(Dataset excerpts)
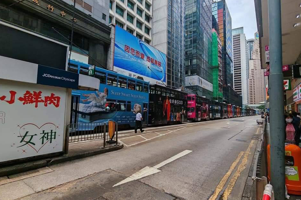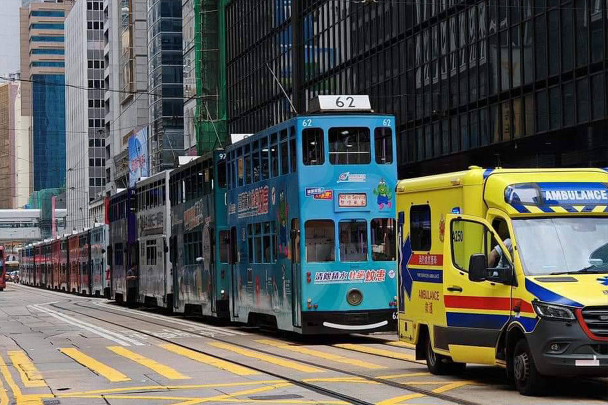 今日下午1時左右,一輛電車沿德輔道中往東行駛。當電車駛至畢打街對開時,一名53歲鄧姓婦人突然在電車梯間摔倒,她頸部受傷,其後經救護車送瑪麗醫院治理。受事故影響,上址電車一度停駛,現場出現長長車龍。@
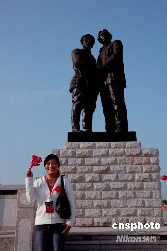 十月七日,一尊重五點(diǎn)四噸,高五點(diǎn)八米朱德和毛澤東會(huì)師的大型銅像,在井岡山龍市朱毛會(huì)師廣場(chǎng)揭幕,銅像吸引了眾多的中外游客觀賞和拍攝。中新社發(fā) 段長(zhǎng)征 攝
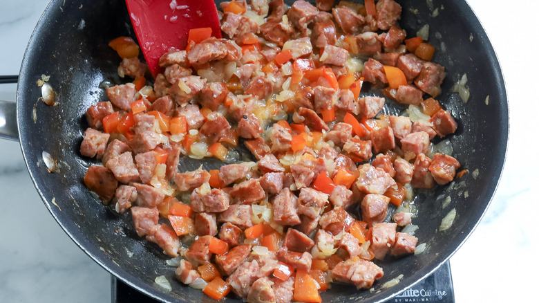 - Add the sausage, onion, and bell pepper, and cook for about 10 minutes until the onion is tender.
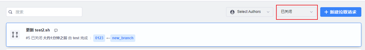 关闭拉取请求后,可以在请求列表的关闭标签页下看到
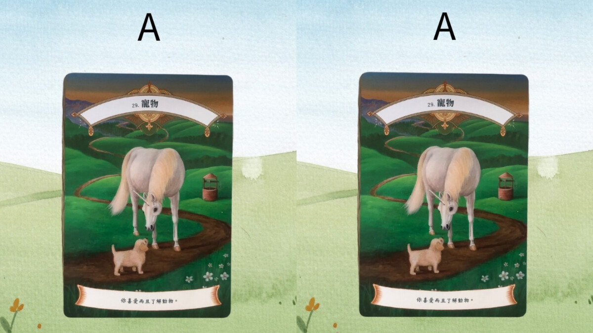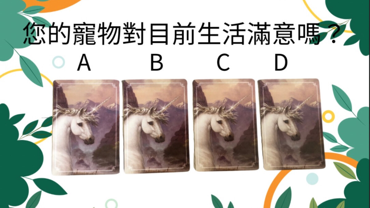 接下來,我們用獨角獸神諭卡作為這次占卜的工具,請在以下四張圖卡憑直覺選一張牌卡,讓自己與寵物對話,更加了解牠的想法,一起來看看寵物對於目前生活有什麼想說的吧!測驗主要題目是:您的寵物滿意現在的生活狀態嗎?
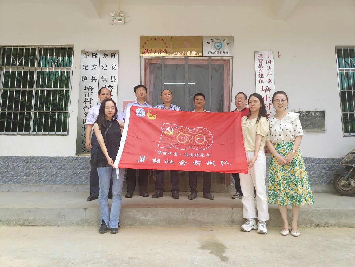 7月5日,财政税务学院“振兴乡村、青年先行”社会实践队前往广西壮族自治区南宁市隆安县乔建镇培正村开展校友寻访社会实践活动。校纪委副书记蔡明辉、博士生导师陈志勇教授、院党委书记张永清、院团委书记韩睿子、院2019级研究生党支部书记刘紫斌、优秀共青团员李思琪一行六人前往培正村寻访财政税务学院2016级财政学专业优秀校友、乔建镇包村工作队长、培正村第一书记刘志远同志。财政税务学院2016级财政学专业优秀校友、南宁市上林县镇圩瑶族乡排红村主任助理李孟璘一同参加。
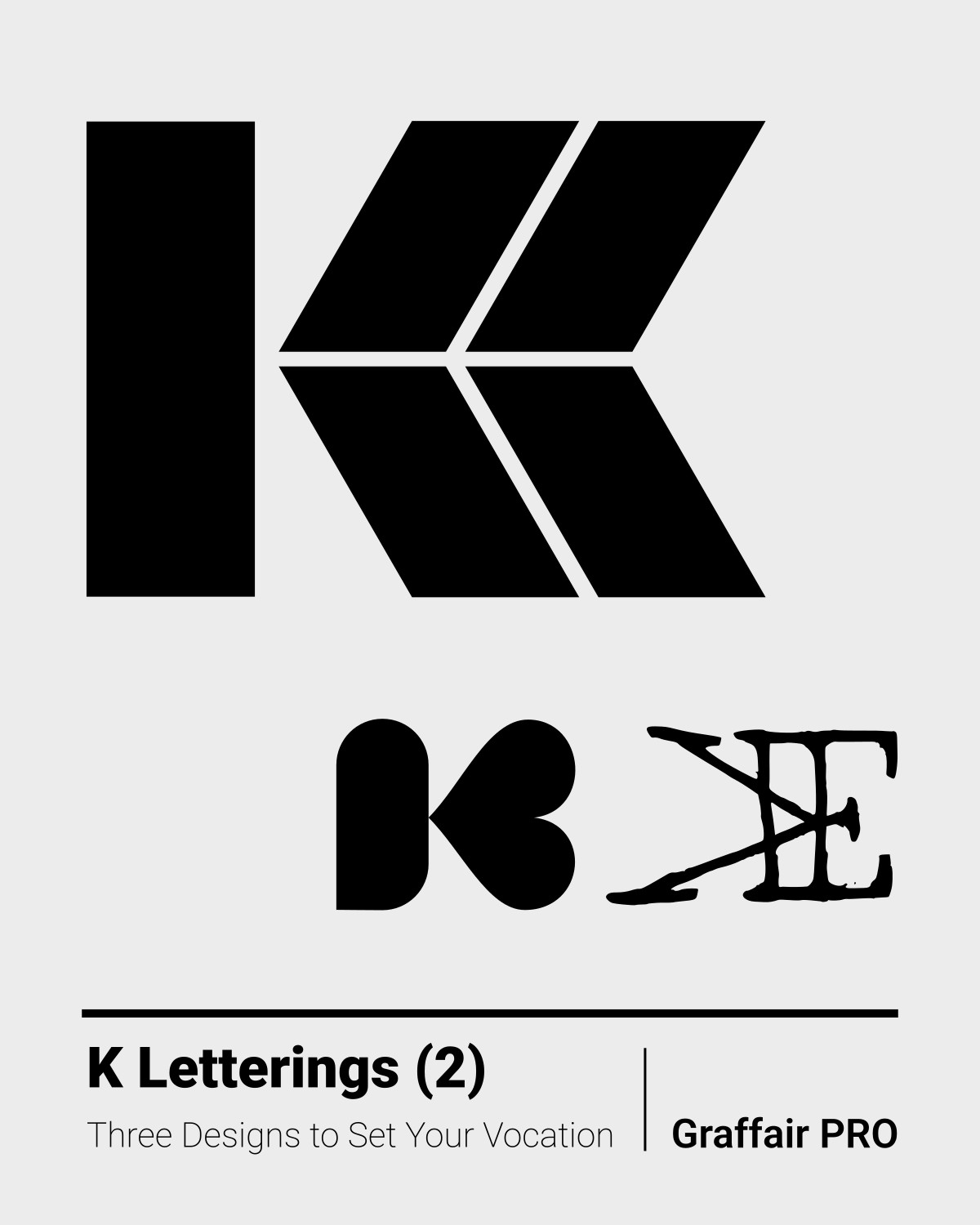 K Letterings (2): The 2nd set of "K" logo/letterings includes three original designs. These letterings are part of the "800 SVG Letterings" bundle, which also contains 800 other exceptional designs.

__How to complete this task__: Without the pictures, reproduce every line of the records above exactly.

__Output for this exercise__:
 今日下午1時左右,一輛電車沿德輔道中往東行駛。當電車駛至畢打街對開時,一名53歲鄧姓婦人突然在電車梯間摔倒,她頸部受傷,其後經救護車送瑪麗醫院治理。受事故影響,上址電車一度停駛,現場出現長長車龍。@
 十月七日,一尊重五點(diǎn)四噸,高五點(diǎn)八米朱德和毛澤東會(huì)師的大型銅像,在井岡山龍市朱毛會(huì)師廣場(chǎng)揭幕,銅像吸引了眾多的中外游客觀賞和拍攝。中新社發(fā) 段長(zhǎng)征 攝
 - Add the sausage, onion, and bell pepper, and cook for about 10 minutes until the onion is tender.
 关闭拉取请求后,可以在请求列表的关闭标签页下看到
 接下來,我們用獨角獸神諭卡作為這次占卜的工具,請在以下四張圖卡憑直覺選一張牌卡,讓自己與寵物對話,更加了解牠的想法,一起來看看寵物對於目前生活有什麼想說的吧!測驗主要題目是:您的寵物滿意現在的生活狀態嗎?
 7月5日,财政税务学院“振兴乡村、青年先行”社会实践队前往广西壮族自治区南宁市隆安县乔建镇培正村开展校友寻访社会实践活动。校纪委副书记蔡明辉、博士生导师陈志勇教授、院党委书记张永清、院团委书记韩睿子、院2019级研究生党支部书记刘紫斌、优秀共青团员李思琪一行六人前往培正村寻访财政税务学院2016级财政学专业优秀校友、乔建镇包村工作队长、培正村第一书记刘志远同志。财政税务学院2016级财政学专业优秀校友、南宁市上林县镇圩瑶族乡排红村主任助理李孟璘一同参加。
 K Letterings (2): The 2nd set of "K" logo/letterings includes three original designs. These letterings are part of the "800 SVG Letterings" bundle, which also contains 800 other exceptional designs.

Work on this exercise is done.